The methods of instrumental diagnosis of PE include:
- ECG, which can give some data on changes in the myocardium;
- is an overview radiograph of the chest showing some indirect signs of embolism;The same method makes it possible to detect a focus of a lung infarction;
- echocardiogram helps to identify violations of hemodynamics in the cavities of the heart, to detect thrombi in its chambers, to assess the structural state of the heart muscle;
- perfusion lung scanning using radioisotopes allows detection of places with zero or reduced blood supply;This is a sufficiently specific and safe method;
- right heart probing and angiopulmonography are the most informative method currently available;With its help are precisely defined as the fact of embolism, and the extent of the lesion;
- computed tomography gradually replaces the previous method, as it helps to get all the necessary data without the risk of serious complications.
Treatment of Pellets
The main goal of treatment for pulmonary embolism is to preserve the patient's life and prevent chronic pulmonary hypertension.First of all, it is necessary to restore the patency of blocked arteries, as this leads to the normalization of hemodynamics.

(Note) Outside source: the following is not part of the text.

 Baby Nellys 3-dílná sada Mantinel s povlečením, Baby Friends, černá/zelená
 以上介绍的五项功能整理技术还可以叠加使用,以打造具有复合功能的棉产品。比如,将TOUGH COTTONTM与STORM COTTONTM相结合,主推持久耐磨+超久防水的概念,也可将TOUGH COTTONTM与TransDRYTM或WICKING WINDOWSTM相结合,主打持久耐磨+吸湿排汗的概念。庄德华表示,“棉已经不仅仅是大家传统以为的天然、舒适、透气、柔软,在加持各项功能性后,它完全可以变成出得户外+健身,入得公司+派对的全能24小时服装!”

The main method of treatment is medicamentous, to surgical resort only in cases of ineffectiveness of conservative therapy, with serious violations of hemodynamics or development of acute heart failure.

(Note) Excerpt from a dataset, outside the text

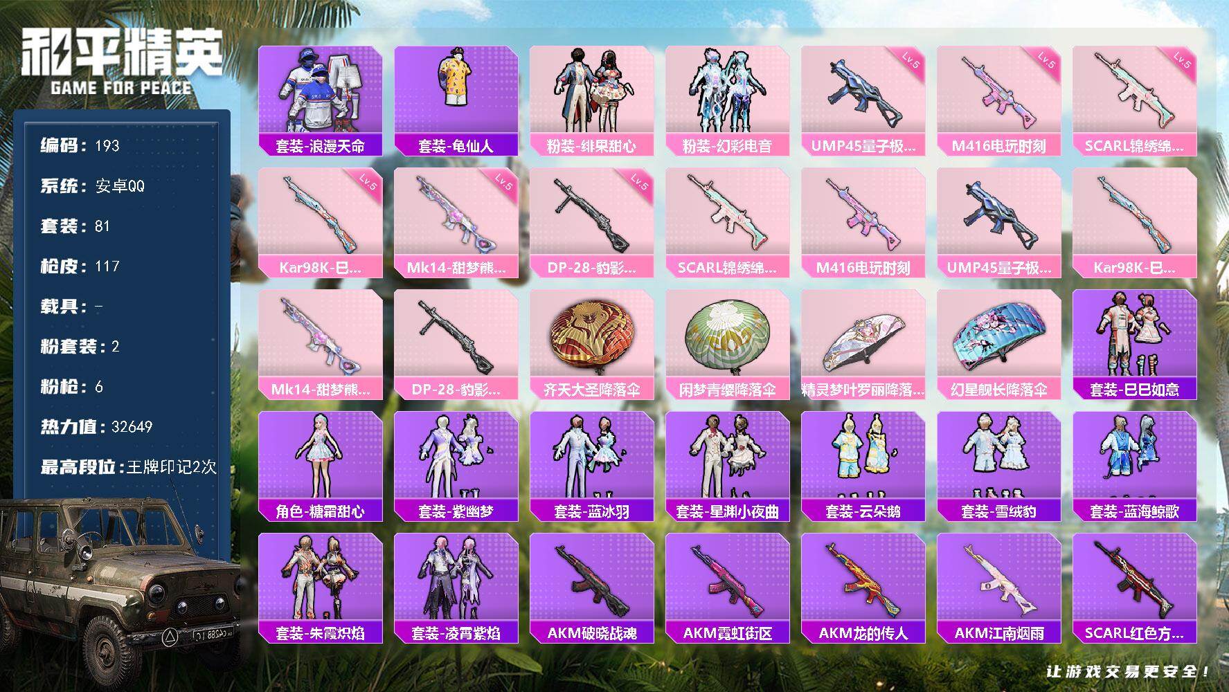 hs53374 安卓手Q-7王牌印记-1粉装-3特效枪-1载具-38591热力值-93套装-110枪
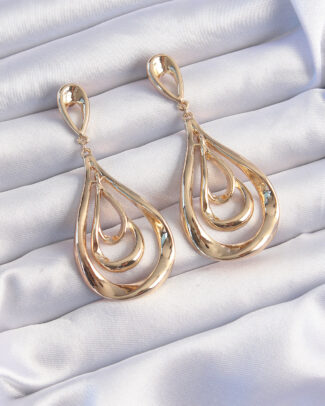Pirinç Gold Renk Kıvrımlı Damla Görünüm Sallantılı Küpe

Direct anticoagulants are used from medicines:
- enoxaparin and thrombolytic agents:
- streptokinase( high risk of complications, however relatively cheap);
- alteplase - highly effective, rarely causes anaphylactic shock;
- Prourokinase is the safest drug.
Surgical treatment is an operation of embobectomy, that is, the removal of a thrombus from the artery.It is carried out by catheterization of the pulmonary artery under conditions of artificial circulation.
It is possible to prevent the development of PE by eliminating or minimizing the risk of thrombus formation. To do this, use all possible methods:
- maximum reduction in the length of bed rest;
- early activation of patients;
- elastic compression of the lower extremities with special bandages, stockings etc.

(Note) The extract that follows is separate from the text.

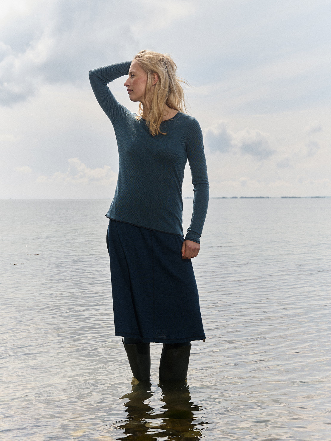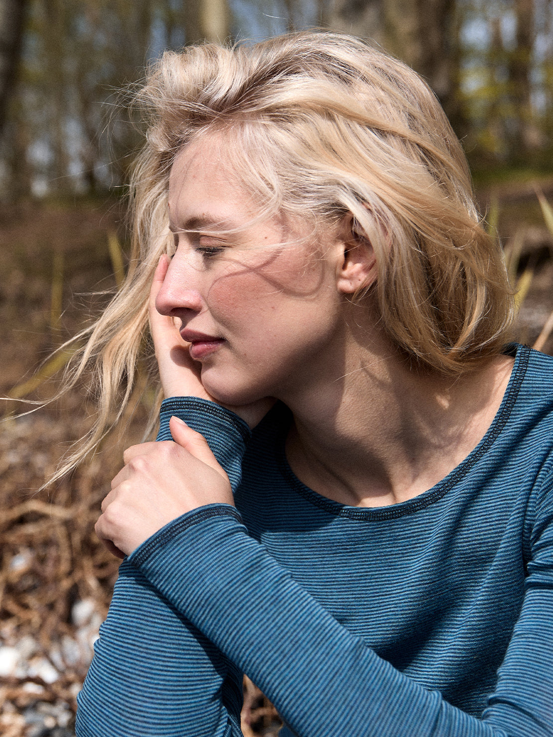 Wolle-Shirt dünn gestreift Petrol-Salbei Melange

In addition, people at risk:
- is over 40 years old;
- with malignant tumors;
- lying sick;
- previous episodes of thrombosis.
Those who have a massive operation, are routinely prescribed anticoagulants to prevent the formation of blood clots.
With existing venous thrombosis, surgical prophylaxis can be performed using the following methods:
- implanting the filter into the lower vena cava;
- plication( creation of the inferior vena cava special folds impermeable thrombi, about transmissive blood;
- endovascular catheter thrombectomy( removal of thrombus from the vein through a catheter inserted in it);
- ligation great saphenous or femoral vein - the main sources of thrombus formation.
pulmonary embolism - it is a serious disease, especially if major blood vessels become clogged early start physical activity after injuries and operations contribute to the reduction.the risk of this disease, and careful attention to your health may help early diagnosis and cure it.